Entries taken from a collection
- Opening Delimiter -

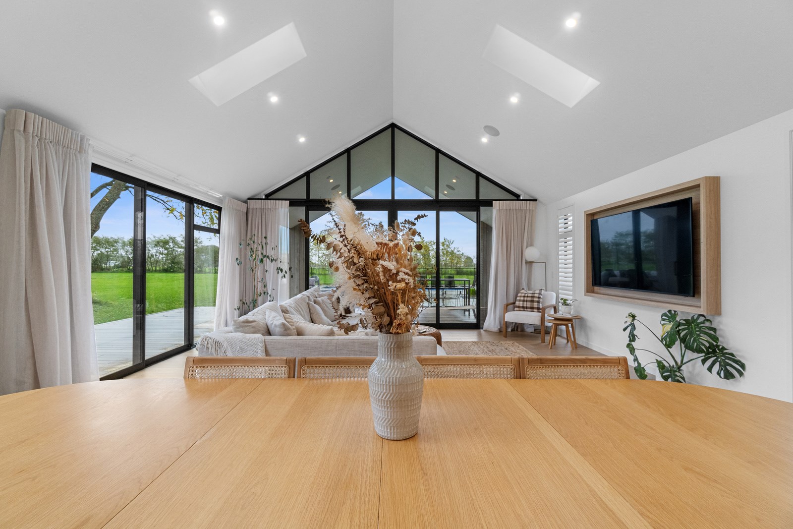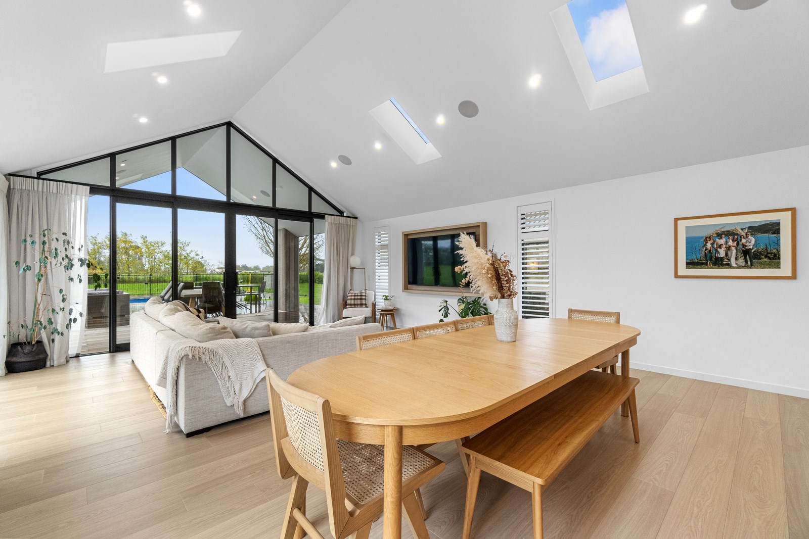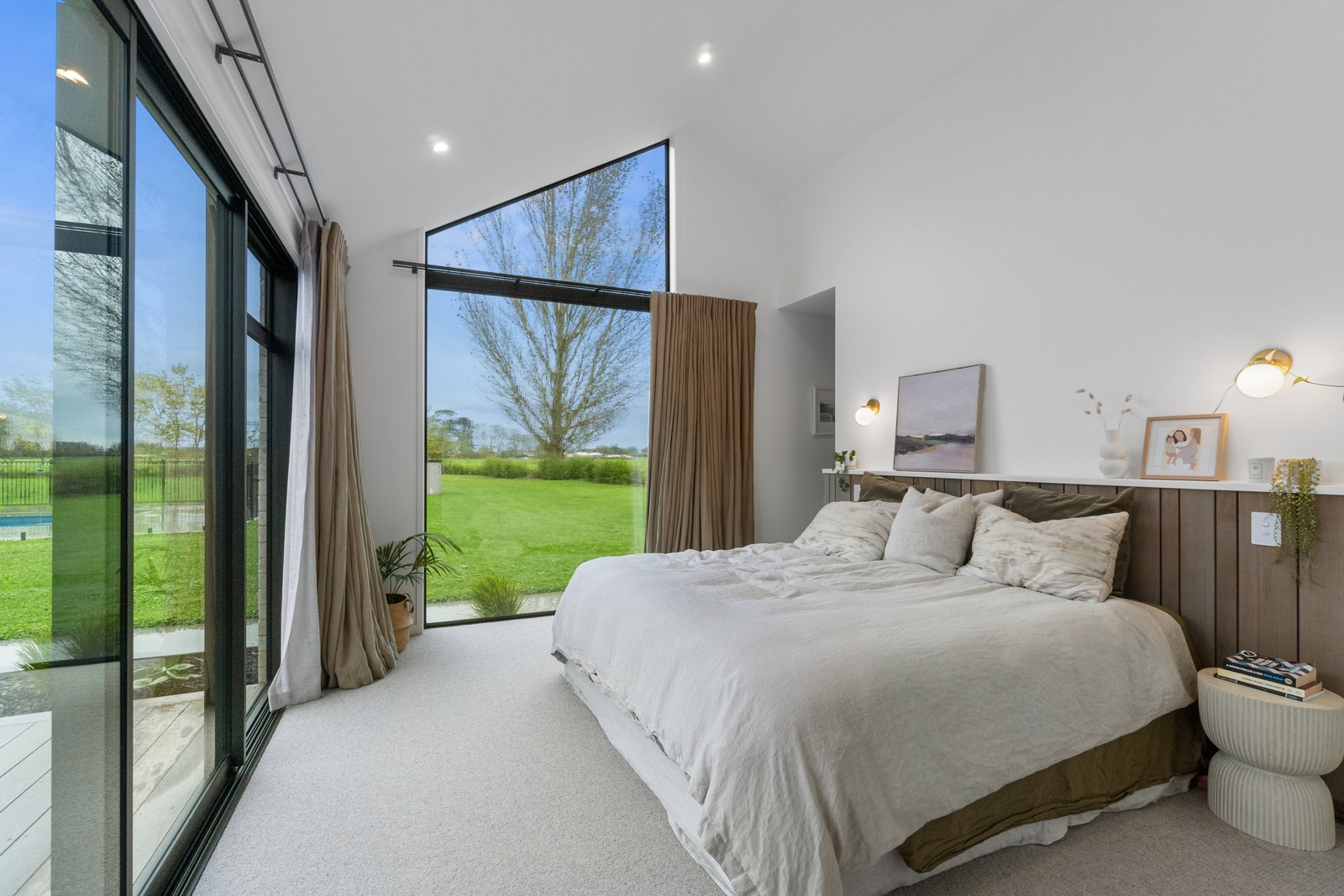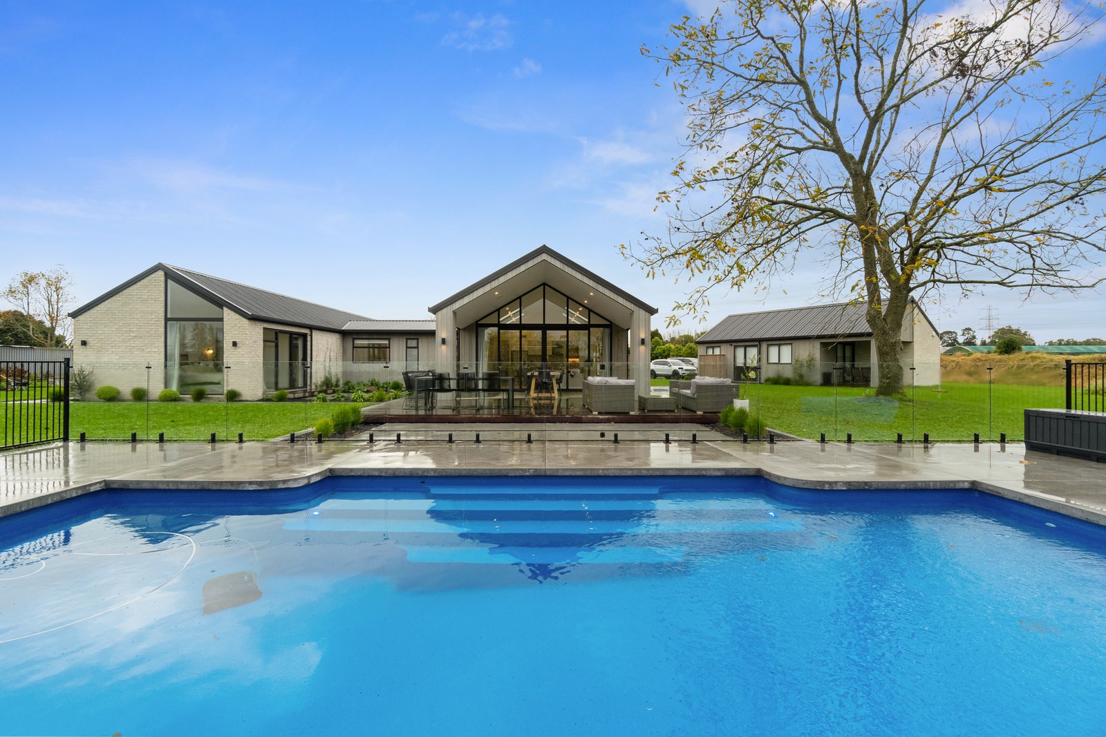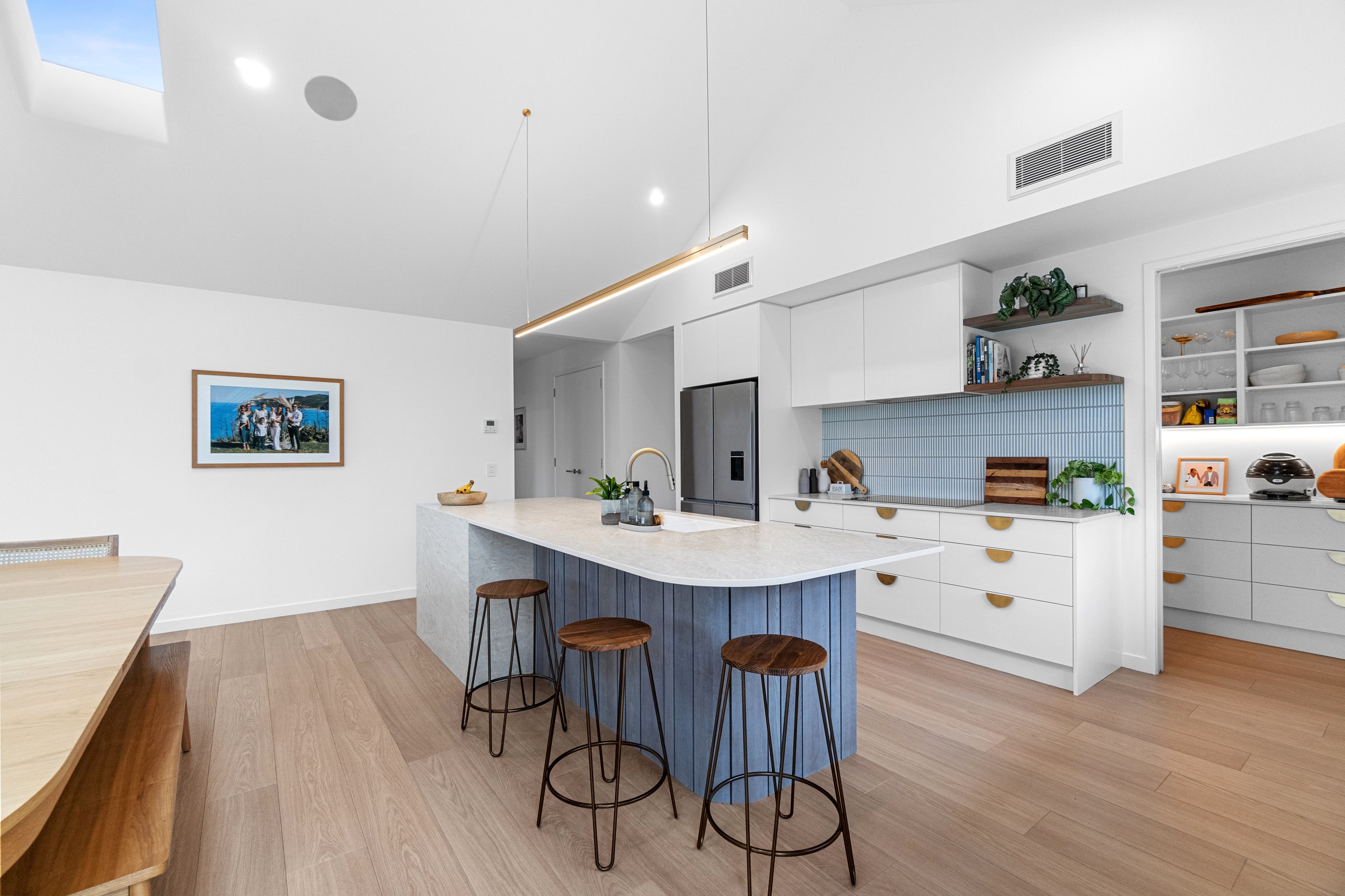 No stone has been left unturned in the pursuit of the best in this builder’s own home in Hamilton. Let’s start with the sleek and stylish exterior: a beautiful blend of cedar and recycled Italian brick. Inside there are five-plus bedrooms, three bathrooms and two living rooms — all of substantial style and proportions. In the main bedroom, his and hers walk-in wardrobes and a luxe ensuite mean that busy parents can relax and enjoy their own space. Did we mention the state-of-the art media room to kick back and relax? The considerations continue outdoors, where there’s a sparkling pool and delightful alfresco space. The light-filled interior lends a cathedral-like aspect to the look of this 284sqm modern rural home, located conveniently within cooee of the city. Of course, with all these features at hand, you may not want to venture too far from home. Neutral tones with splashes of blue and blonde timber help this home blend with its peaceful rural surroundings. An oasis for entertainers and families alike, this epitome of modern elegance offers a perfect balance of style and function whether you want to relax by the pool or make plans for the next party.
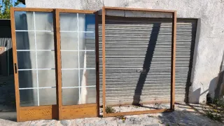 Conjunto de puertas de cristal con marcos de aluminio. Se regalan además mas de 60 cristales de diferentes tamaños - Marcos de aluminio. - Cristal transparente. Se escuchan ofertas
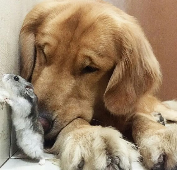 Будьте осторожны: даже дружелюбная собака может случайно раздавить хомяка, если попытается поднять его с земли. Держите маленького хомячка в безопасности.
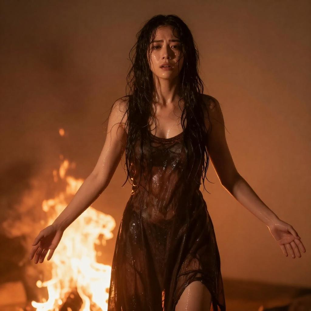 Young woman with long, wet, disheveled black hair wearing a soaked, dark sheer dress stands with arms slightly outstretched in front of a bright orange fire. Her expression is distressed, and the background has an intense orange glow from the flames.
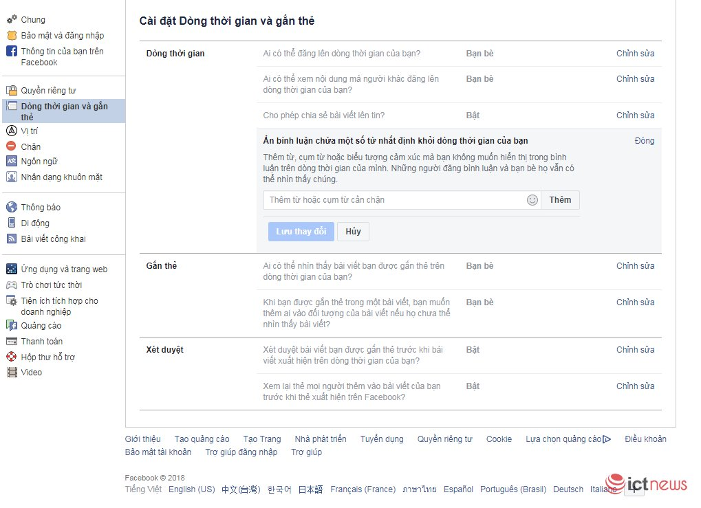 Bước 4: Nhìn sang cột trung tâm, bạn nhìn thấy dòng “Ẩn bình luận chứa một số từ nhất định khỏi dòng thời gian của bạn”. Bấm vào “Chỉnh sửa”.
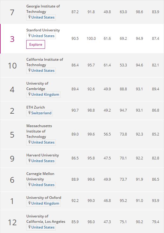 知名大学排名机构THE(泰晤士高等教育)发布了世界大学计算机排名,斯坦福第2、加州理工第3,第一竟然是佐治亚理工,苏黎世联邦理工学院位居第4,剑桥大学位居第4。以下为榜单前十:...
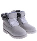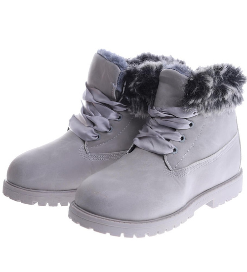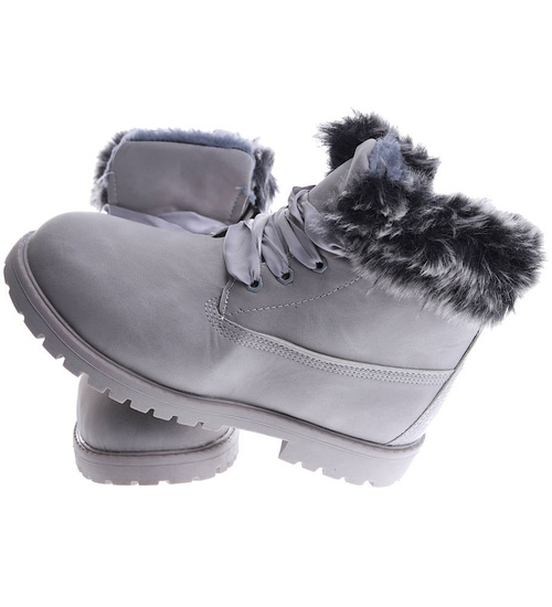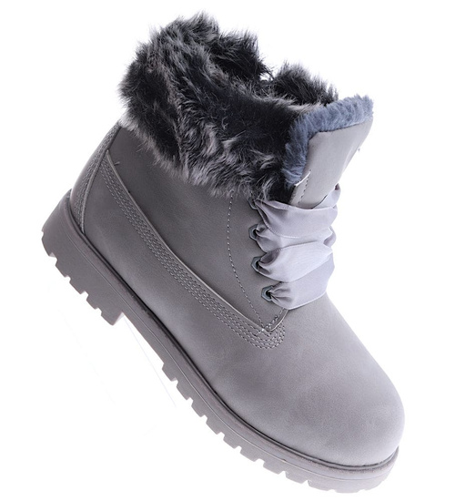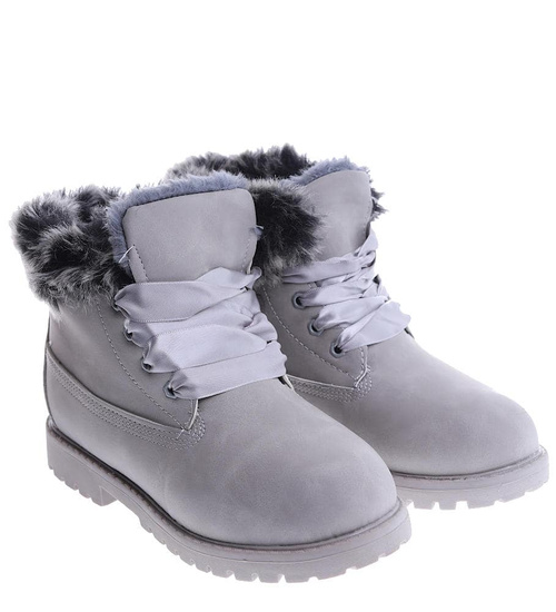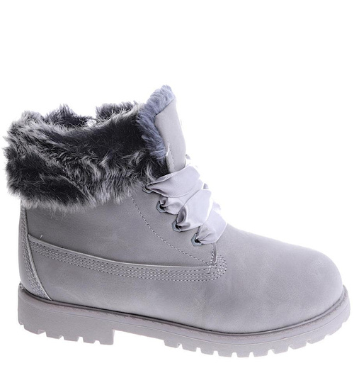 - Ocieplane dziecięce botki trapery wykonane z szarej eko skórki.
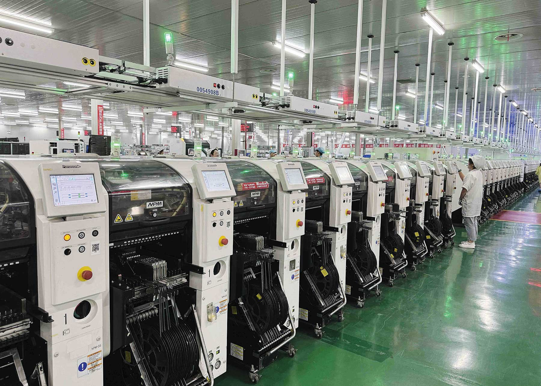 Dây chuyền sản xuất đèn LED của một doanh nghiệp tư nhân ở tỉnh Sơn Tây, Trung Quốc_Ảnh: TTXVN
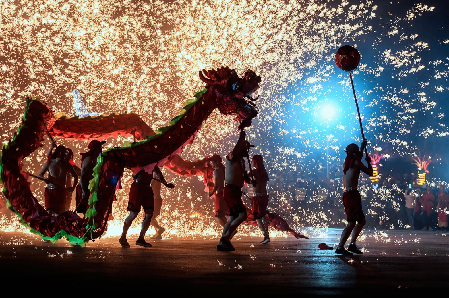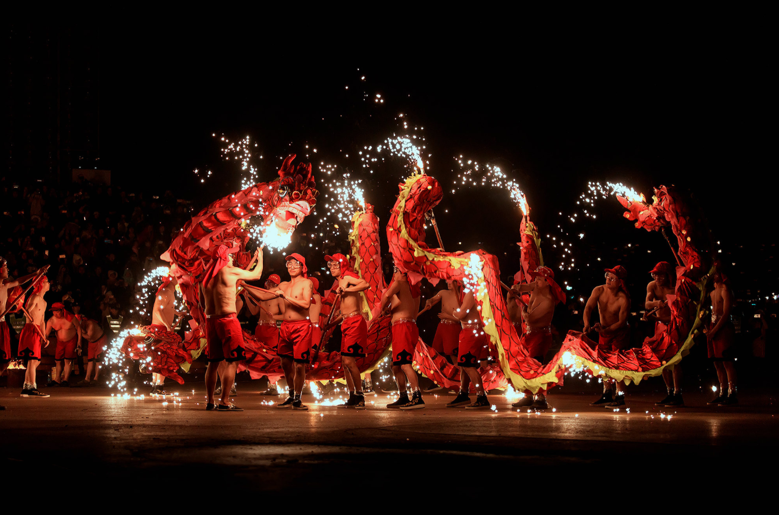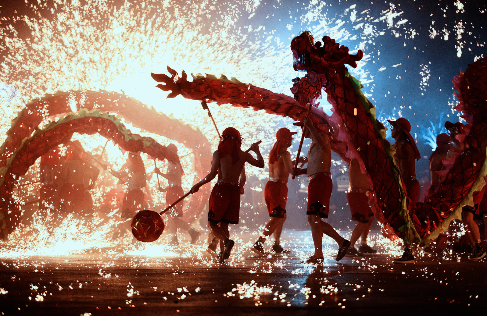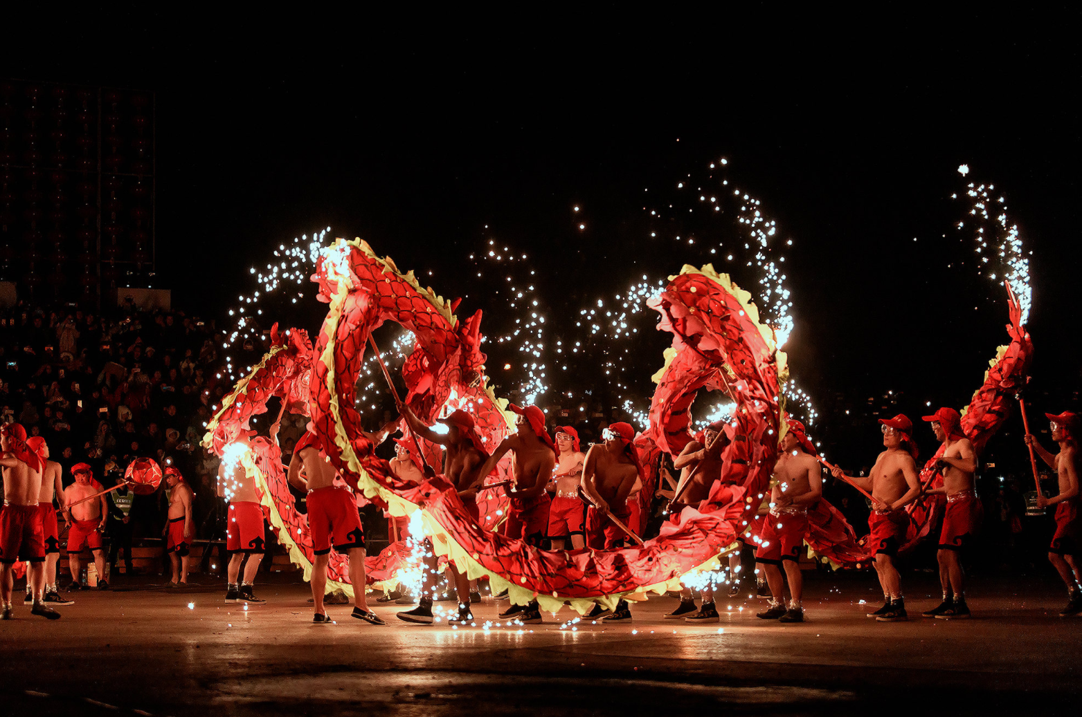 火龙舞通常在晚上表演,打铁水是其中最引人注目的环节。铁水在空中散开,仿佛烟花一样从天而降。

- Closing Delimiter -

Assignment — All records are to be reproduced exactly; the pictures are to be omitted.

Response to the task —
 No stone has been left unturned in the pursuit of the best in this builder’s own home in Hamilton. Let’s start with the sleek and stylish exterior: a beautiful blend of cedar and recycled Italian brick. Inside there are five-plus bedrooms, three bathrooms and two living rooms — all of substantial style and proportions. In the main bedroom, his and hers walk-in wardrobes and a luxe ensuite mean that busy parents can relax and enjoy their own space. Did we mention the state-of-the art media room to kick back and relax? The considerations continue outdoors, where there’s a sparkling pool and delightful alfresco space. The light-filled interior lends a cathedral-like aspect to the look of this 284sqm modern rural home, located conveniently within cooee of the city. Of course, with all these features at hand, you may not want to venture too far from home. Neutral tones with splashes of blue and blonde timber help this home blend with its peaceful rural surroundings. An oasis for entertainers and families alike, this epitome of modern elegance offers a perfect balance of style and function whether you want to relax by the pool or make plans for the next party.
 Conjunto de puertas de cristal con marcos de aluminio. Se regalan además mas de 60 cristales de diferentes tamaños - Marcos de aluminio. - Cristal transparente. Se escuchan ofertas
 Будьте осторожны: даже дружелюбная собака может случайно раздавить хомяка, если попытается поднять его с земли. Держите маленького хомячка в безопасности.
 Young woman with long, wet, disheveled black hair wearing a soaked, dark sheer dress stands with arms slightly outstretched in front of a bright orange fire. Her expression is distressed, and the background has an intense orange glow from the flames.
 Bước 4: Nhìn sang cột trung tâm, bạn nhìn thấy dòng “Ẩn bình luận chứa một số từ nhất định khỏi dòng thời gian của bạn”. Bấm vào “Chỉnh sửa”.
 知名大学排名机构THE(泰晤士高等教育)发布了世界大学计算机排名,斯坦福第2、加州理工第3,第一竟然是佐治亚理工,苏黎世联邦理工学院位居第4,剑桥大学位居第4。以下为榜单前十:...
 - Ocieplane dziecięce botki trapery wykonane z szarej eko skórki.
 Dây chuyền sản xuất đèn LED của một doanh nghiệp tư nhân ở tỉnh Sơn Tây, Trung Quốc_Ảnh: TTXVN
 火龙舞通常在晚上表演,打铁水是其中最引人注目的环节。铁水在空中散开,仿佛烟花一样从天而降。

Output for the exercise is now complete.